Content starts

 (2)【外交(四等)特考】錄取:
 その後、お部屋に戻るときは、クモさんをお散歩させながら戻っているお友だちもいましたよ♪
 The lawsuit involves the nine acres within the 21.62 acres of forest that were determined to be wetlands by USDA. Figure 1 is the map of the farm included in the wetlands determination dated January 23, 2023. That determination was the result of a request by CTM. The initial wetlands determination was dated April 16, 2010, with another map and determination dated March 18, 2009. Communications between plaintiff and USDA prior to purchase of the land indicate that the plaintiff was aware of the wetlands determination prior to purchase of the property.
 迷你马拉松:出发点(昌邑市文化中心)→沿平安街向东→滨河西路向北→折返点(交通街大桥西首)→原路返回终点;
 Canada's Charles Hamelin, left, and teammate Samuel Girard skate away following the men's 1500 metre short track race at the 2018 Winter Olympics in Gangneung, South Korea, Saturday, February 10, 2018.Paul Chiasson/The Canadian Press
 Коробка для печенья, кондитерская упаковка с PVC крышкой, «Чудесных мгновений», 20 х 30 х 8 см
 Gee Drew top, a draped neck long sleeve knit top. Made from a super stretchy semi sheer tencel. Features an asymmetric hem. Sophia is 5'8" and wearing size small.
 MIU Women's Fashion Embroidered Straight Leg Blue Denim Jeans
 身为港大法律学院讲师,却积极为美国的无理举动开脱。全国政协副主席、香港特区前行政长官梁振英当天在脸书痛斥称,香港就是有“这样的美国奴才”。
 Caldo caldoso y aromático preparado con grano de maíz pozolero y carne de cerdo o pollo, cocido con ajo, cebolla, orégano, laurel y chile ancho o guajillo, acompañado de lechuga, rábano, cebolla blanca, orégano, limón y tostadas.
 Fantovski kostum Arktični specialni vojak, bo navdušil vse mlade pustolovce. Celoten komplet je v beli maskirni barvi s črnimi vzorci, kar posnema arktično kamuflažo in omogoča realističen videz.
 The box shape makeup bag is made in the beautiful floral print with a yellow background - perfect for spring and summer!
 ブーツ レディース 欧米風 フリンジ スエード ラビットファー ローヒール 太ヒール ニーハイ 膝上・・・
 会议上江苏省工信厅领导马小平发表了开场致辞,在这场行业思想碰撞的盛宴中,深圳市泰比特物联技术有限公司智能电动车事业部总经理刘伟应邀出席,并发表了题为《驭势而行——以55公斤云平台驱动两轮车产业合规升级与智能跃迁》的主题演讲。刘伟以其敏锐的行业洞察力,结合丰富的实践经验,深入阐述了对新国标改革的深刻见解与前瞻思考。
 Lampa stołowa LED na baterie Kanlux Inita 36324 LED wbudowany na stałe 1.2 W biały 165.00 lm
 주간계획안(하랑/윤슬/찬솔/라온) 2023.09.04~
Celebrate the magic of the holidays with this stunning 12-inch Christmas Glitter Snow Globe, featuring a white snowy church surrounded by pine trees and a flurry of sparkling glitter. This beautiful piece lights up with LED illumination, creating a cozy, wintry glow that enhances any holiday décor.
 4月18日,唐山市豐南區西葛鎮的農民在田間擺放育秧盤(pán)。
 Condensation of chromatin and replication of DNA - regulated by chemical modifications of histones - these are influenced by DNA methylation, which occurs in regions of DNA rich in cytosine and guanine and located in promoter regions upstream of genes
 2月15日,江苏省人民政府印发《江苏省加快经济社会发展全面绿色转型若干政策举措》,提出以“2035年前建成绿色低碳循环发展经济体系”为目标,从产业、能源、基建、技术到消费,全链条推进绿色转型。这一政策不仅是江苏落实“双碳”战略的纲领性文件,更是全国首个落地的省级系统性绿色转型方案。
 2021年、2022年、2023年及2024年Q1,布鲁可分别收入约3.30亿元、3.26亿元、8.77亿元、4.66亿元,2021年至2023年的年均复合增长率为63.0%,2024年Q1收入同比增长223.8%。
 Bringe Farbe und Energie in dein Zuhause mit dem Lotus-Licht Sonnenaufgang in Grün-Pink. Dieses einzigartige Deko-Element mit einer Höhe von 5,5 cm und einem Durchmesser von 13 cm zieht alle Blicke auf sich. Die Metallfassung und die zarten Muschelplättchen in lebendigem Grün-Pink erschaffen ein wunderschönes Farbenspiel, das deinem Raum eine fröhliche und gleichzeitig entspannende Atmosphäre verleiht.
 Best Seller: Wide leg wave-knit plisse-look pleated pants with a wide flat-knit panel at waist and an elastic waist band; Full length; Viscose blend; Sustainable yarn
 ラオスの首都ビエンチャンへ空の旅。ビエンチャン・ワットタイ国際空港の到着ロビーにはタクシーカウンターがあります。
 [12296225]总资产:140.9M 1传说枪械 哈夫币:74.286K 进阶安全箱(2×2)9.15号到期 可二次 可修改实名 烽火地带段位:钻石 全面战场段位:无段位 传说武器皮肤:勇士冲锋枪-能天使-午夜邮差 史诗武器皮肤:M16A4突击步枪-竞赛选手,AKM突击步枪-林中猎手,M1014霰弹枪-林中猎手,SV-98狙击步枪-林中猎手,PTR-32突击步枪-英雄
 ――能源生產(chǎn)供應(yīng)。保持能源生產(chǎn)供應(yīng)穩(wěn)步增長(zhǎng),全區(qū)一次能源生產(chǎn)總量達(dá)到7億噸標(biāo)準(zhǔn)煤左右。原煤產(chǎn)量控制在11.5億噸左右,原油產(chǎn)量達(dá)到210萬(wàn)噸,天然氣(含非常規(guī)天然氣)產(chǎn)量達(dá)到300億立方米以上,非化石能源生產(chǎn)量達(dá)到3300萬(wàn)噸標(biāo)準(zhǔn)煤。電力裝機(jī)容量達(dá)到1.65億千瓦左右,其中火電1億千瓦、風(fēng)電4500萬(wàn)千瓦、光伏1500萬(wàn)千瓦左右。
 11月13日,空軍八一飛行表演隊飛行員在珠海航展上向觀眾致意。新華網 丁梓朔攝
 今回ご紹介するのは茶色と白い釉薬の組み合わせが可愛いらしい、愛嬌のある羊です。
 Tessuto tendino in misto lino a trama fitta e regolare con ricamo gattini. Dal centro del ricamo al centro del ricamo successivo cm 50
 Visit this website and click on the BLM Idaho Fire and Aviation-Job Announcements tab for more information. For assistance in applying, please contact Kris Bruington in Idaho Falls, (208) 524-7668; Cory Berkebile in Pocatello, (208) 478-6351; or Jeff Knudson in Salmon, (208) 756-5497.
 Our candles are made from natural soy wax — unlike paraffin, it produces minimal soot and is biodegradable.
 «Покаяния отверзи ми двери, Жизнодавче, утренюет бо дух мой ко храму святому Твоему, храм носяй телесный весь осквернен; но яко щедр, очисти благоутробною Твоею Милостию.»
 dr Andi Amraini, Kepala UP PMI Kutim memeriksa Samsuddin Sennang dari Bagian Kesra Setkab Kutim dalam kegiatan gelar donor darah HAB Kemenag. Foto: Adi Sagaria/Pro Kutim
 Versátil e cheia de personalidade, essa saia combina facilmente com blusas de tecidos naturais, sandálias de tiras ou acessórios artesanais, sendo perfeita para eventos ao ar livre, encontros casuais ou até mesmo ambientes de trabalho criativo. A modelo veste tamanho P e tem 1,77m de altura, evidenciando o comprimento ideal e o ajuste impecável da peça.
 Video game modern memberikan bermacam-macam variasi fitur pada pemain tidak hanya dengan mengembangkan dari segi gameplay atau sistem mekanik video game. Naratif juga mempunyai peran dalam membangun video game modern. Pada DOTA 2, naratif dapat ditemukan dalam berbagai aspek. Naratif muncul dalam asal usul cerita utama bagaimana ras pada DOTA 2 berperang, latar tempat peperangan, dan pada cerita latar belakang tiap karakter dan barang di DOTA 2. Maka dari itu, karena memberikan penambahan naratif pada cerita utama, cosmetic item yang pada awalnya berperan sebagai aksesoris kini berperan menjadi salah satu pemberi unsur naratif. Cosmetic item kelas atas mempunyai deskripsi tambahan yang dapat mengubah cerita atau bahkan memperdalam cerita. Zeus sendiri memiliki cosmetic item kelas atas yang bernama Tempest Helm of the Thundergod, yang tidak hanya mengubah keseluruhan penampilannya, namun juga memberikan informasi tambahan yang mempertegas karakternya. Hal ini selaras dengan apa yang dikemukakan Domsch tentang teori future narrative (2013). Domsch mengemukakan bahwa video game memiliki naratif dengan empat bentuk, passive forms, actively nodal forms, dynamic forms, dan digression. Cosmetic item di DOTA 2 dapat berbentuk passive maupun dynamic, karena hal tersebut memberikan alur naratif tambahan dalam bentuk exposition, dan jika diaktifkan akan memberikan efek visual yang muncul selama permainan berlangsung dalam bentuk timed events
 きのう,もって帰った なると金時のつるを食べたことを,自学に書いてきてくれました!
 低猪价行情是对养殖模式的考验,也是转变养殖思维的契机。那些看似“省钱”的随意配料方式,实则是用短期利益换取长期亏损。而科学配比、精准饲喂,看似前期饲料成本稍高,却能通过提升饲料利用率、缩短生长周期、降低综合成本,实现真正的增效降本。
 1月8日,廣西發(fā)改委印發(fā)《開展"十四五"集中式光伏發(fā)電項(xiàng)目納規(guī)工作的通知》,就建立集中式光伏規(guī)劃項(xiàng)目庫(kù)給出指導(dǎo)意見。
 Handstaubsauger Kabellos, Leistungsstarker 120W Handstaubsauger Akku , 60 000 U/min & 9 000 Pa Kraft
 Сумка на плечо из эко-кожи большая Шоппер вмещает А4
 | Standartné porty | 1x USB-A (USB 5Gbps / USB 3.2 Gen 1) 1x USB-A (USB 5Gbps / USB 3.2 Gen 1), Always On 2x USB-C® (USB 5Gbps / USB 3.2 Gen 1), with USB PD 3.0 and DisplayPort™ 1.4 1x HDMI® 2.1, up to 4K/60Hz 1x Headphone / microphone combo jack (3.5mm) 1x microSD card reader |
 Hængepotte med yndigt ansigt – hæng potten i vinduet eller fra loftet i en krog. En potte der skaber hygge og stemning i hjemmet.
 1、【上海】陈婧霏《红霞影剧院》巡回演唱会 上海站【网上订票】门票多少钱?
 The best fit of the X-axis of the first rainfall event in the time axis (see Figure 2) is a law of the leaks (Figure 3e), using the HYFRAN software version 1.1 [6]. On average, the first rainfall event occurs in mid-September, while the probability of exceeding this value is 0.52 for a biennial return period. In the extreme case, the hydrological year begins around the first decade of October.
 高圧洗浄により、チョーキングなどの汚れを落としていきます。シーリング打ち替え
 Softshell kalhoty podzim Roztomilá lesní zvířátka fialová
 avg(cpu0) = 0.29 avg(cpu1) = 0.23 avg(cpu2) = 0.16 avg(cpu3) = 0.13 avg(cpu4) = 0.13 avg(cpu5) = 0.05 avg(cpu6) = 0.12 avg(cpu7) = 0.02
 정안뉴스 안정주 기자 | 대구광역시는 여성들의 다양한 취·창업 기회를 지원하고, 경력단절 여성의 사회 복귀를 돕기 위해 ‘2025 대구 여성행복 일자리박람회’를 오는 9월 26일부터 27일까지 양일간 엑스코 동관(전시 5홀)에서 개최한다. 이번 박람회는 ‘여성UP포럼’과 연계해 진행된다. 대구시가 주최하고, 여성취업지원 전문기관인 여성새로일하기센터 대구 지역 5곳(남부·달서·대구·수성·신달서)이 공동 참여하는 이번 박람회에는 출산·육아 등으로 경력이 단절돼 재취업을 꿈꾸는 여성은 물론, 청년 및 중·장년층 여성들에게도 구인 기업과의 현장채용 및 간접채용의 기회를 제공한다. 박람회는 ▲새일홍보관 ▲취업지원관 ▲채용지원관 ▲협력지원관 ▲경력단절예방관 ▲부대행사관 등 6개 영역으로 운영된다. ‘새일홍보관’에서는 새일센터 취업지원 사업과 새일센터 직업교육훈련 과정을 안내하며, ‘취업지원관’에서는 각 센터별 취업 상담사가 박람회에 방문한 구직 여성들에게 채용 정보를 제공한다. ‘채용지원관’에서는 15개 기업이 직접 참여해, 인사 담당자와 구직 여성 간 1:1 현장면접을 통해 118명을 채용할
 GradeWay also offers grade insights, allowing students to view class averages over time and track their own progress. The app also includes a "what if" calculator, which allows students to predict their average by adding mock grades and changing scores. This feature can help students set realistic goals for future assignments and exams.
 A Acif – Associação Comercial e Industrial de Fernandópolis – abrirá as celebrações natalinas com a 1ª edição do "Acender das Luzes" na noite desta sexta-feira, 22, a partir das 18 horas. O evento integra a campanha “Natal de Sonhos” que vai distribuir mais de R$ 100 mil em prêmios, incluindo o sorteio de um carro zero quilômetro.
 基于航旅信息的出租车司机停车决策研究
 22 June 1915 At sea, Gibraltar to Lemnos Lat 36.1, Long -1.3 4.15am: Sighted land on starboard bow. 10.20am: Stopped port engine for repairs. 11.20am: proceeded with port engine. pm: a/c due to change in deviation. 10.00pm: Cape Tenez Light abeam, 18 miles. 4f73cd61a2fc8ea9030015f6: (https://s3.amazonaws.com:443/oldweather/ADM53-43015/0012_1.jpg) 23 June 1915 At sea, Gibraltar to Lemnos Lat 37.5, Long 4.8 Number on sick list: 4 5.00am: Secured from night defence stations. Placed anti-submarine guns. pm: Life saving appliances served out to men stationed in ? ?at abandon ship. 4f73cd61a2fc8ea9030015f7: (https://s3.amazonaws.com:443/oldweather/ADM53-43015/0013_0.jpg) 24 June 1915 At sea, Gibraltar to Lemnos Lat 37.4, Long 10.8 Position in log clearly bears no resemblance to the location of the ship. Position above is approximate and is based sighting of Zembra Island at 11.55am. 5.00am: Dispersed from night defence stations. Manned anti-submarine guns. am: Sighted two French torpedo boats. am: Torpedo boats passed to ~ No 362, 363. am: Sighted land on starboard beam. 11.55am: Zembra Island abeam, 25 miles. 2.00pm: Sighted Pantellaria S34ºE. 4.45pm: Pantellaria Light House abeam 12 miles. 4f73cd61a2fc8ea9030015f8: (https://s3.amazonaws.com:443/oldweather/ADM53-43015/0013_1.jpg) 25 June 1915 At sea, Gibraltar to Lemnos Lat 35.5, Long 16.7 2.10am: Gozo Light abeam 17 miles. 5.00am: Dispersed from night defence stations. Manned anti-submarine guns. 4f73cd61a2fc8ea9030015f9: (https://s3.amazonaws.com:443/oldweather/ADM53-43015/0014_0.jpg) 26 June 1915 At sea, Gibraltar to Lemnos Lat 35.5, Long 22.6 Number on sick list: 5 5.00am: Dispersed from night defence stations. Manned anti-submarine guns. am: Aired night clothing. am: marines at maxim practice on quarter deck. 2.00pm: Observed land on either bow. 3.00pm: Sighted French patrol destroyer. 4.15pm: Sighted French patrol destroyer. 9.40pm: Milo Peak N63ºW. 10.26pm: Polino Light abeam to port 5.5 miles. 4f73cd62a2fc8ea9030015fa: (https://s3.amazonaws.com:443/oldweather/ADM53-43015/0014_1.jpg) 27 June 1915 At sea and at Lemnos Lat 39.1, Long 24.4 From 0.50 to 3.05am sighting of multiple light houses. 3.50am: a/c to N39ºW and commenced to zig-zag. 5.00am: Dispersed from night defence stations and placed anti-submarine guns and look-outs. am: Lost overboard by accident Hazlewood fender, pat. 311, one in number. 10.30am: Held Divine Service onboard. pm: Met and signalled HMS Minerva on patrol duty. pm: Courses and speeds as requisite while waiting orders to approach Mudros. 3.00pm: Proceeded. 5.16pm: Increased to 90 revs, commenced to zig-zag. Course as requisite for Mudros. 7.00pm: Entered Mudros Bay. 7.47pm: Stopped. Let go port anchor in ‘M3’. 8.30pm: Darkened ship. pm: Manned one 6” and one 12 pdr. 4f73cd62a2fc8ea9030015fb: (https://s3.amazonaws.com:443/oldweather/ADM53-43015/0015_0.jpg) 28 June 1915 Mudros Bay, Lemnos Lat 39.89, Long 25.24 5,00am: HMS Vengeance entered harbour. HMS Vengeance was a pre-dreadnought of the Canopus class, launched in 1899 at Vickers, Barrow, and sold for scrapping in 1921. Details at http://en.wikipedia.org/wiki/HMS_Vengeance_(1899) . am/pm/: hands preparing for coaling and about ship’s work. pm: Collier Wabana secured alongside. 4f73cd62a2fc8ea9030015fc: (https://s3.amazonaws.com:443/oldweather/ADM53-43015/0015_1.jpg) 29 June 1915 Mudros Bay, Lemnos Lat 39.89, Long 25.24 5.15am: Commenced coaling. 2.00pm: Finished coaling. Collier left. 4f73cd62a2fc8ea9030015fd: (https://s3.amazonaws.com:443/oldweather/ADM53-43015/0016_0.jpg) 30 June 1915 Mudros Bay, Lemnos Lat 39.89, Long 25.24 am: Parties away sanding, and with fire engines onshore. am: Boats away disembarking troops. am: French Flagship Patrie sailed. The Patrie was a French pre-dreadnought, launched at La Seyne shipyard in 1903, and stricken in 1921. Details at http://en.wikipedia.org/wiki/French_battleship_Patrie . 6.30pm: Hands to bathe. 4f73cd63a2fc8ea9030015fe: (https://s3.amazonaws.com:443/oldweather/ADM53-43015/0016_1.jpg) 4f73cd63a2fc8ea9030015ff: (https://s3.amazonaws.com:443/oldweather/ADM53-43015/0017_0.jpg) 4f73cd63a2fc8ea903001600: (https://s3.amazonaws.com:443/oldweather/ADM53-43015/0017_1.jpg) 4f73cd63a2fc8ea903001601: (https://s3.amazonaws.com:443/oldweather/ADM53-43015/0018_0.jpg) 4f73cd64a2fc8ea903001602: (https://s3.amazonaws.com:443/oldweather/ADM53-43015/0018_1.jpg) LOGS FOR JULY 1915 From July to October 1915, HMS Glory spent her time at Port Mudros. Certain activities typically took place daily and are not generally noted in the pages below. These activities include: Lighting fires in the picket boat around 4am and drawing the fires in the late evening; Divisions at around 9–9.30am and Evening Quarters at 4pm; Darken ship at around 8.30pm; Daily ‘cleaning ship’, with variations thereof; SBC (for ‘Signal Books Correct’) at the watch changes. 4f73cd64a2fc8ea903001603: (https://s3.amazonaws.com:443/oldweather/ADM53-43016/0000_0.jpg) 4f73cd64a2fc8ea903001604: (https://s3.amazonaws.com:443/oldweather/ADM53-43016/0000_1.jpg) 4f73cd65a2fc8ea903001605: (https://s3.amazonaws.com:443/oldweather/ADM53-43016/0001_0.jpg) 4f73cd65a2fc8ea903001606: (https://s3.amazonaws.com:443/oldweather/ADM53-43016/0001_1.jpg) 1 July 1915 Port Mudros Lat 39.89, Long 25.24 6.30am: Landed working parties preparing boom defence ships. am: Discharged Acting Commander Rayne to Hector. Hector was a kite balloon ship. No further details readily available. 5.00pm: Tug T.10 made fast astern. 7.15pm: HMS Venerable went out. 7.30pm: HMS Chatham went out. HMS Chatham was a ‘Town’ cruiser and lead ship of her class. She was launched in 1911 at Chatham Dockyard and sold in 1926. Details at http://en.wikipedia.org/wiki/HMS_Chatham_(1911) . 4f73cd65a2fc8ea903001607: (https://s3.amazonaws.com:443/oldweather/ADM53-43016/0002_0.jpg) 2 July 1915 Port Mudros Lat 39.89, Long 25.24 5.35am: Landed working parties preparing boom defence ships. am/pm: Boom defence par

Content ends

> **What the task asks**: Look through the entries above and quote exactly the lines from the line with "その後、お部屋に戻るときは、" to the line with "Caldo caldoso y", counting both of those lines.

> **Response**:
 その後、お部屋に戻るときは、クモさんをお散歩させながら戻っているお友だちもいましたよ♪
 The lawsuit involves the nine acres within the 21.62 acres of forest that were determined to be wetlands by USDA. Figure 1 is the map of the farm included in the wetlands determination dated January 23, 2023. That determination was the result of a request by CTM. The initial wetlands determination was dated April 16, 2010, with another map and determination dated March 18, 2009. Communications between plaintiff and USDA prior to purchase of the land indicate that the plaintiff was aware of the wetlands determination prior to purchase of the property.
 迷你马拉松:出发点(昌邑市文化中心)→沿平安街向东→滨河西路向北→折返点(交通街大桥西首)→原路返回终点;
 Canada's Charles Hamelin, left, and teammate Samuel Girard skate away following the men's 1500 metre short track race at the 2018 Winter Olympics in Gangneung, South Korea, Saturday, February 10, 2018.Paul Chiasson/The Canadian Press
 Коробка для печенья, кондитерская упаковка с PVC крышкой, «Чудесных мгновений», 20 х 30 х 8 см
 Gee Drew top, a draped neck long sleeve knit top. Made from a super stretchy semi sheer tencel. Features an asymmetric hem. Sophia is 5'8" and wearing size small.
 MIU Women's Fashion Embroidered Straight Leg Blue Denim Jeans
 身为港大法律学院讲师,却积极为美国的无理举动开脱。全国政协副主席、香港特区前行政长官梁振英当天在脸书痛斥称,香港就是有“这样的美国奴才”。
 Caldo caldoso y aromático preparado con grano de maíz pozolero y carne de cerdo o pollo, cocido con ajo, cebolla, orégano, laurel y chile ancho o guajillo, acompañado de lechuga, rábano, cebolla blanca, orégano, limón y tostadas.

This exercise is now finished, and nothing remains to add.